> ASSIGNMENT
Go to the line below containing "Women Unisa Leather" and print exactly from there through the line containing "典禮中安排全體師生與來賓進行", both included. Print nothing else.

> DATA
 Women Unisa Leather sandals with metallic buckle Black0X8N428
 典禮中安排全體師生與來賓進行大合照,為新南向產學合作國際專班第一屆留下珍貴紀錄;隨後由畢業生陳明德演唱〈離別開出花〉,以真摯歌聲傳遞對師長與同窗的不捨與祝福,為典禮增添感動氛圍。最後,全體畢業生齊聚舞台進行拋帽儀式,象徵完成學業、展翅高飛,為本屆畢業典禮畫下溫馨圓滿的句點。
==
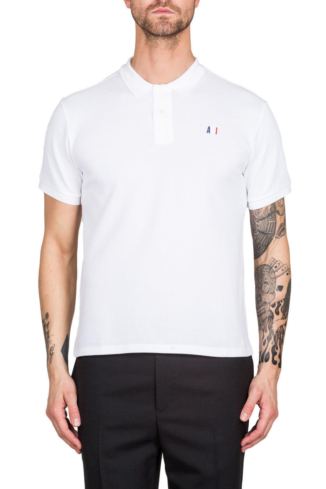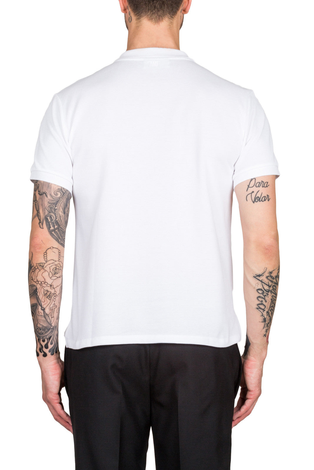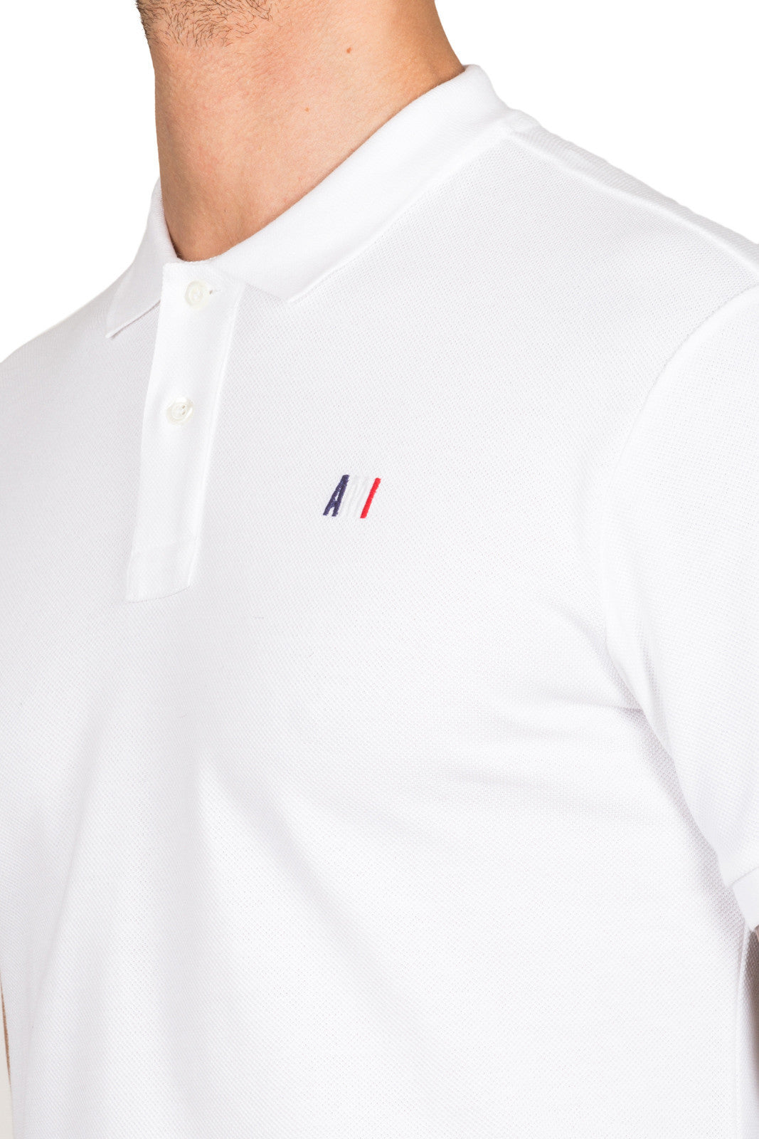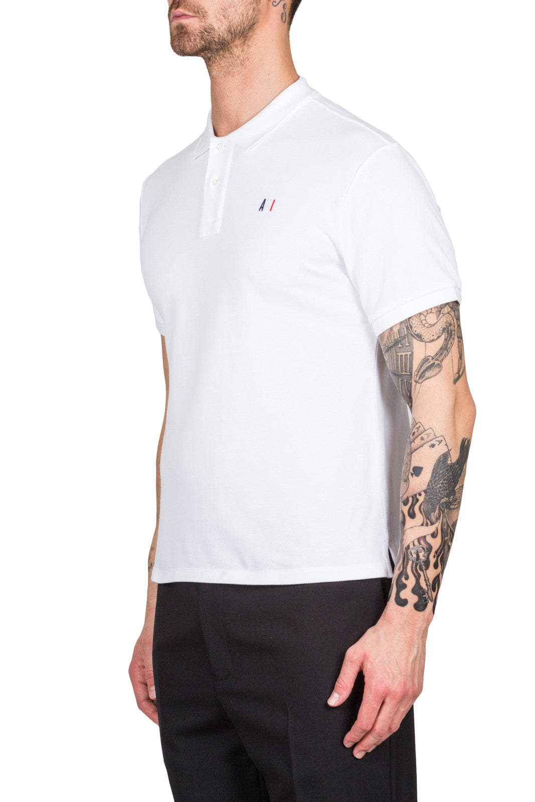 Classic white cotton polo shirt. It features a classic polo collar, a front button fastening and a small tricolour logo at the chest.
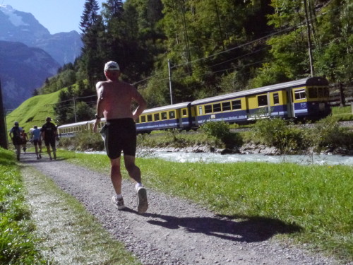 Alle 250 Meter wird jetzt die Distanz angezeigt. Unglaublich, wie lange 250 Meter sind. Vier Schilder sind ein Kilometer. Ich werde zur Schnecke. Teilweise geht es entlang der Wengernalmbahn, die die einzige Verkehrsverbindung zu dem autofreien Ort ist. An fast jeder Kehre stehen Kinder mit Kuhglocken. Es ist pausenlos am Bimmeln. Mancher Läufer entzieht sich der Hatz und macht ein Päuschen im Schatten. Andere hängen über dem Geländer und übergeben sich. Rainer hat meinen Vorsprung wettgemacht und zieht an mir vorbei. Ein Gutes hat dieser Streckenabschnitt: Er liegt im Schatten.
--
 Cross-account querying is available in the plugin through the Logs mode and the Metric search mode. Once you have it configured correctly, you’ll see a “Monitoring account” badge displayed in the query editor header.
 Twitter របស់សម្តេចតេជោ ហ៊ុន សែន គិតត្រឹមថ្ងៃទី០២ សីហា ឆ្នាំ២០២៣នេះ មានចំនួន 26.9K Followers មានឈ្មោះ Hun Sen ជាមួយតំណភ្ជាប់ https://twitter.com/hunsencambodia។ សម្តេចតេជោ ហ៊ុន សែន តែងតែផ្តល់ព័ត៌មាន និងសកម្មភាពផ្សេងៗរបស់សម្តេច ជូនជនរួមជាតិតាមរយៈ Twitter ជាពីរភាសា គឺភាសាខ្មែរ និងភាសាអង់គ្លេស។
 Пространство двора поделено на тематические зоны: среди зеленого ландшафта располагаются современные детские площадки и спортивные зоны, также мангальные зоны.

> ANSWER BOX
 Women Unisa Leather sandals with metallic buckle Black0X8N428
 典禮中安排全體師生與來賓進行大合照,為新南向產學合作國際專班第一屆留下珍貴紀錄;隨後由畢業生陳明德演唱〈離別開出花〉,以真摯歌聲傳遞對師長與同窗的不捨與祝福,為典禮增添感動氛圍。最後,全體畢業生齊聚舞台進行拋帽儀式,象徵完成學業、展翅高飛,為本屆畢業典禮畫下溫馨圓滿的句點。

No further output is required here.